*What is needed*. The output should contain the listing word for word and no pictures.

*Data extract*.
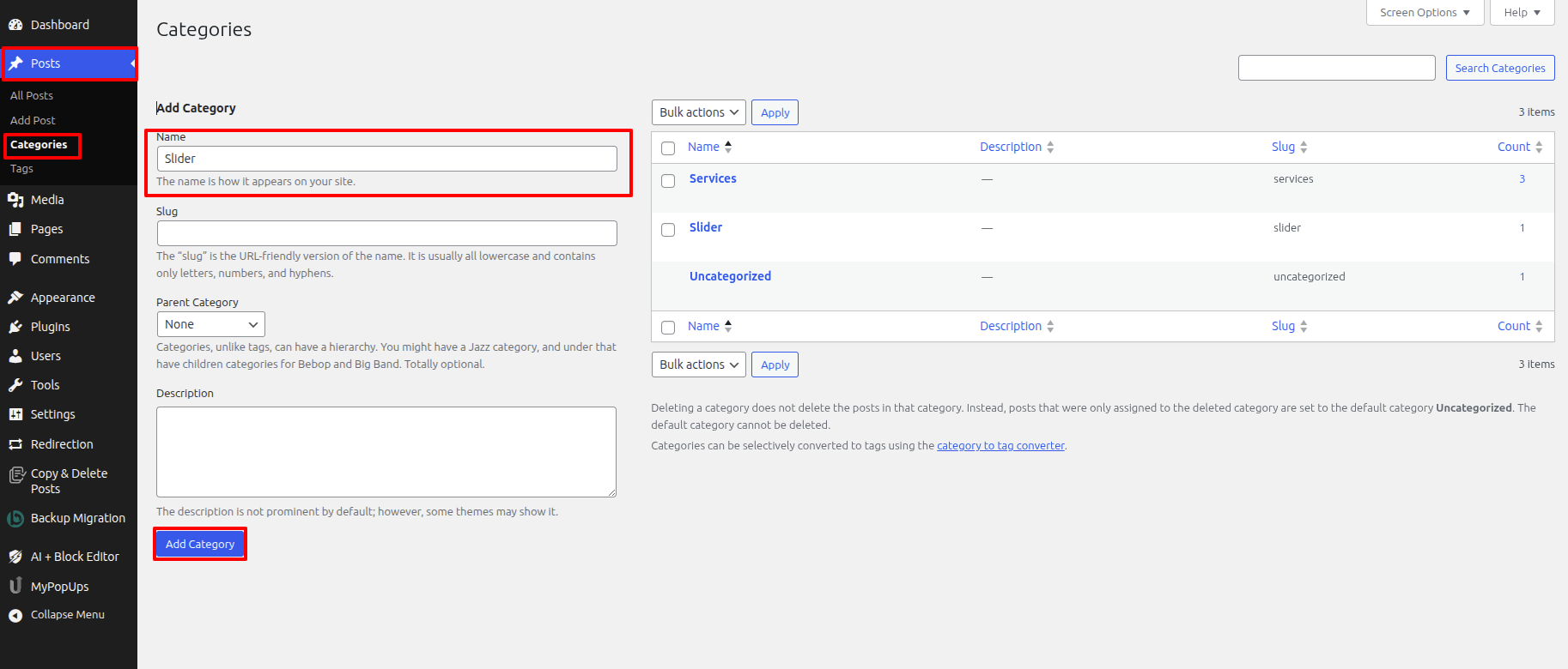 Select Slider Section Settings from Dashboard >> Posts >> Categories .
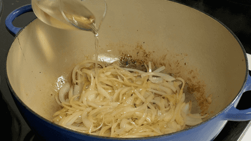 Влить к луку вино, выпарить его в течение минуты.
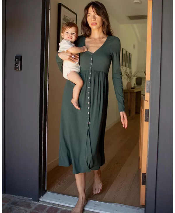 Бренд: Hatch Collection Цвет: зеленый Все дело в названии. Этот бестселлер для беременных и послеродового периода выполнен из невероятно мягкой ребристой трикотажной ткани, которая одновременно уютна и дышит (привет, ночная потливость!), а также имеет удобную застежку на кнопках для кормления грудью на ходу. Она классическая, функциональная и (что особенно важно в послеродовой период) пригодна для машинной стирки.

*Answer space*.
 Select Slider Section Settings from Dashboard >> Posts >> Categories .
 Влить к луку вино, выпарить его в течение минуты.
 Бренд: Hatch Collection Цвет: зеленый Все дело в названии. Этот бестселлер для беременных и послеродового периода выполнен из невероятно мягкой ребристой трикотажной ткани, которая одновременно уютна и дышит (привет, ночная потливость!), а также имеет удобную застежку на кнопках для кормления грудью на ходу. Она классическая, функциональная и (что особенно важно в послеродовой период) пригодна для машинной стирки.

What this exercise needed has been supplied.